Letter describes the transportation of 5,000 Jews daily to the Treblinka extermination camp.

Israeli high school students at Treblinka 311 (R) (photo credit: REUTERS/Kacper Pempel)
Israeli high school students at Treblinka 311 (R)
(photo credit: REUTERS/Kacper Pempel)
An auction house in Britain is investigating the authenticity of a letter said to detail Jewish transports during the Holocaust.
The letter, which is set to be auctioned off August 21, describes the transportation of 5,000 Jews daily to the Treblinka extermination camp. But doubts have been cast on its authenticity, leading the auction house, Mullock’s, to investigate its provenance.
“I shall be investigating this with the vendor and making inquiries,” said Richard Westwood-Brookes, an expert with the auction house, according to the Jewish Chronicle of London. “We are obviously putting it up for auction in good faith. If I can’t get to the bottom of this we will withdraw it pending further investigations.”
Dated July 19, 1942, the letter was purportedly sent by German railway boss Theodor Ganzenmuller to Karl Wolff, chief of staff for Heinrich Himmler, a leading figure in the Nazi party. But the document, which is expected to fetch about $930, is an almost identical copy of another letter used in evidence at the Nuremberg Trials and dated nine days later.

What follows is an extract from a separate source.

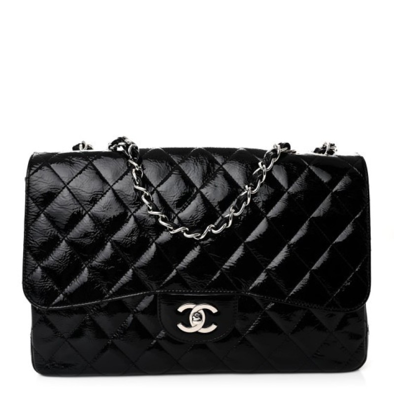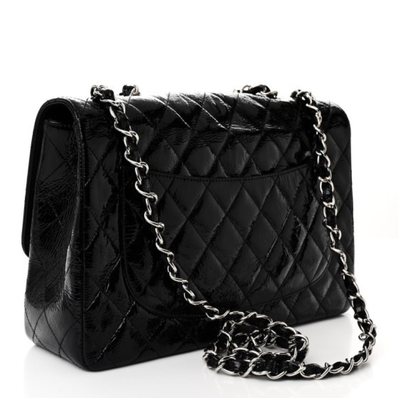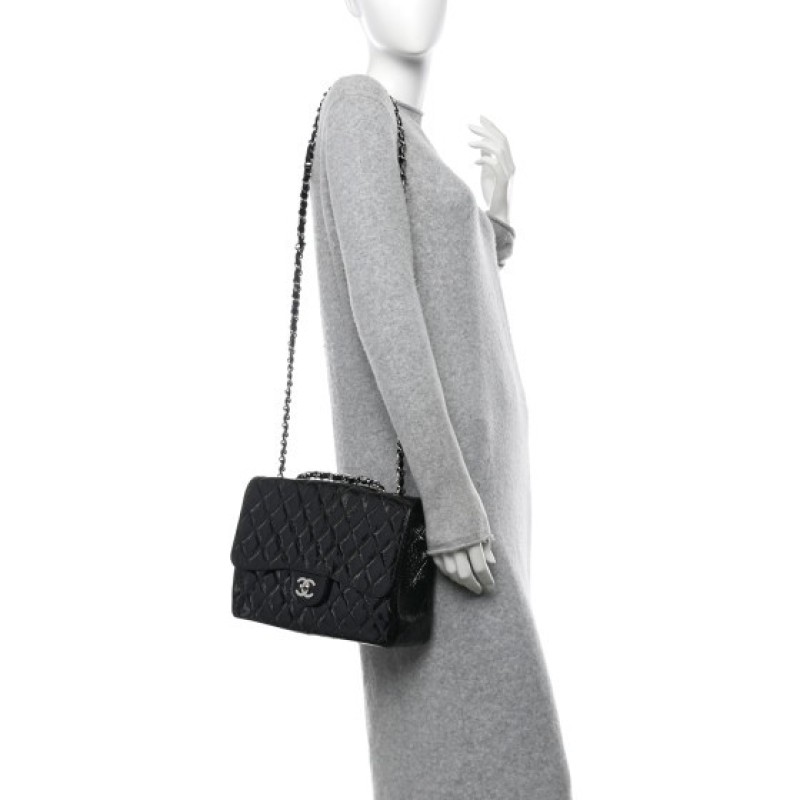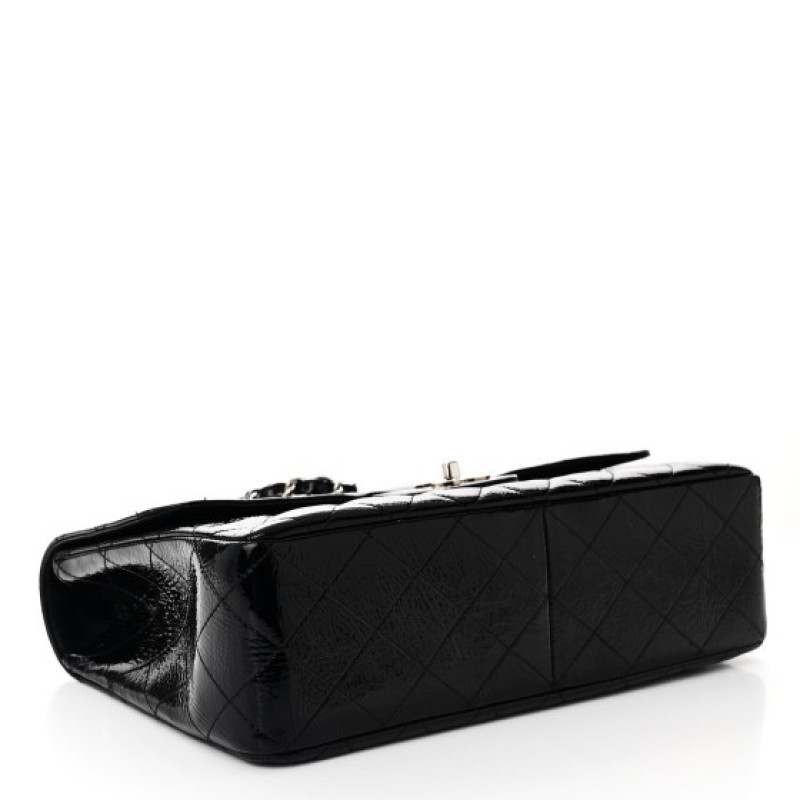 Chanel Distressed Patent Quilted Jumbo Single Flap Black

Ben Barkow, the director of the Wiener Library, one of the world’s most extensive archives on the Holocaust, told the Jewish Chronicle of London that the letter’s wording and grammar “are riddled with mistakes” and that a fuller accounting of its history is in order.
“Without a satisfactory account of the history of this document since 1945, I believe that few historians would feel able to have confidence in its authenticity,” Barkow said.